■ EXERCISE
Starting with the line that has "Siempre le hemos" and finishing with the line that has "things ‘ at school.", set down each line below exactly. Pictures are not copied.

■ SUPPLIED MATERIAL

+ + +

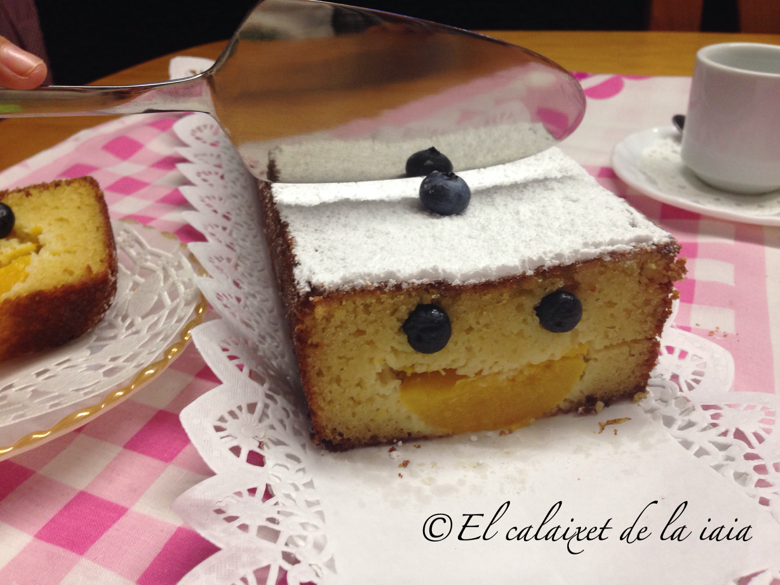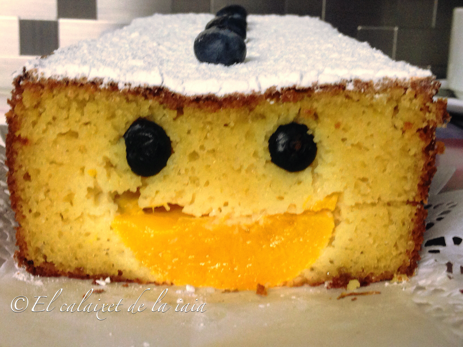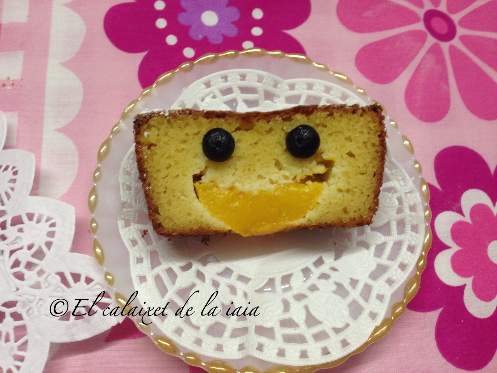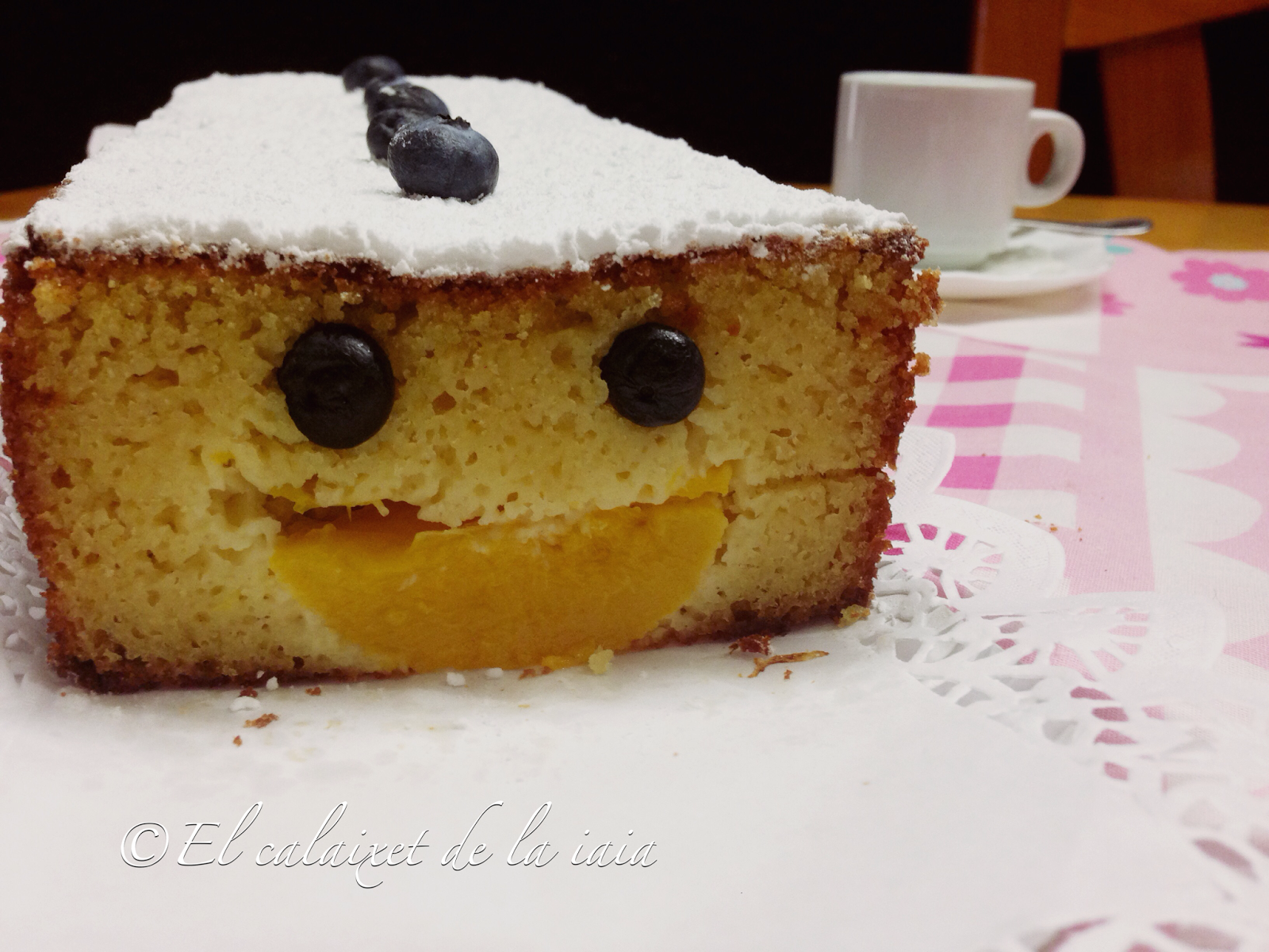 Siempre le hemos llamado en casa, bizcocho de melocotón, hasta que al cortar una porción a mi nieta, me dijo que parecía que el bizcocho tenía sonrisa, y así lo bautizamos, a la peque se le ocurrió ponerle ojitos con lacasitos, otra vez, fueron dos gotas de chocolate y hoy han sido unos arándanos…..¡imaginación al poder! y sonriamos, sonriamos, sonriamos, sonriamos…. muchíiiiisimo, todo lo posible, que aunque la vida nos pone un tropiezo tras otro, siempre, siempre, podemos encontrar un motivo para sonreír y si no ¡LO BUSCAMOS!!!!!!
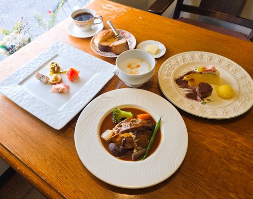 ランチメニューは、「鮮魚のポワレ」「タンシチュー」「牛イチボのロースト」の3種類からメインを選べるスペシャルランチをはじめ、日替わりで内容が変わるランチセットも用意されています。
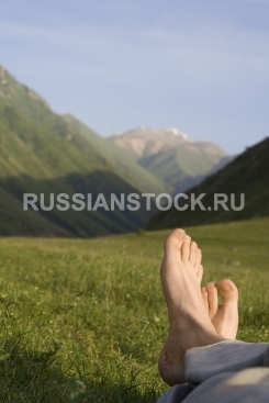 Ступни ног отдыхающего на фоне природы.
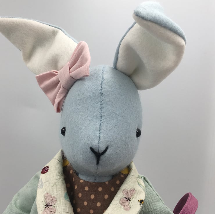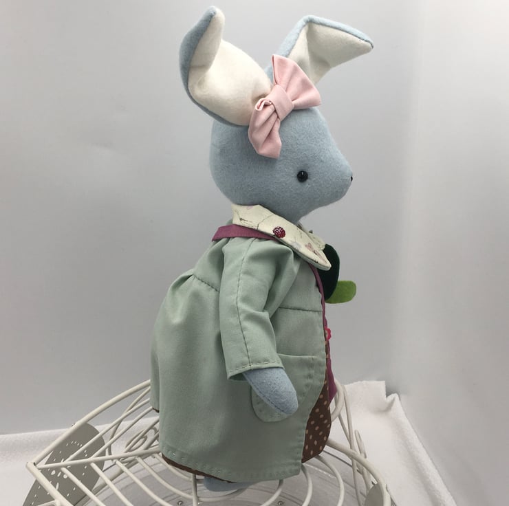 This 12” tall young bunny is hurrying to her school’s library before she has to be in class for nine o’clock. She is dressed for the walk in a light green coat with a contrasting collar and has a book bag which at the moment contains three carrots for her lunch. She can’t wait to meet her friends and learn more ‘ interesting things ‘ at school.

+ + +

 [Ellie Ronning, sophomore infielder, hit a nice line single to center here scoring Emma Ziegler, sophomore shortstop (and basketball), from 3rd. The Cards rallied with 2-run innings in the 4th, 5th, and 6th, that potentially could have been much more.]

+ + +

■ TASK RESPONSE
 Siempre le hemos llamado en casa, bizcocho de melocotón, hasta que al cortar una porción a mi nieta, me dijo que parecía que el bizcocho tenía sonrisa, y así lo bautizamos, a la peque se le ocurrió ponerle ojitos con lacasitos, otra vez, fueron dos gotas de chocolate y hoy han sido unos arándanos…..¡imaginación al poder! y sonriamos, sonriamos, sonriamos, sonriamos…. muchíiiiisimo, todo lo posible, que aunque la vida nos pone un tropiezo tras otro, siempre, siempre, podemos encontrar un motivo para sonreír y si no ¡LO BUSCAMOS!!!!!!
 ランチメニューは、「鮮魚のポワレ」「タンシチュー」「牛イチボのロースト」の3種類からメインを選べるスペシャルランチをはじめ、日替わりで内容が変わるランチセットも用意されています。
 Ступни ног отдыхающего на фоне природы.
 This 12” tall young bunny is hurrying to her school’s library before she has to be in class for nine o’clock. She is dressed for the walk in a light green coat with a contrasting collar and has a book bag which at the moment contains three carrots for her lunch. She can’t wait to meet her friends and learn more ‘ interesting things ‘ at school.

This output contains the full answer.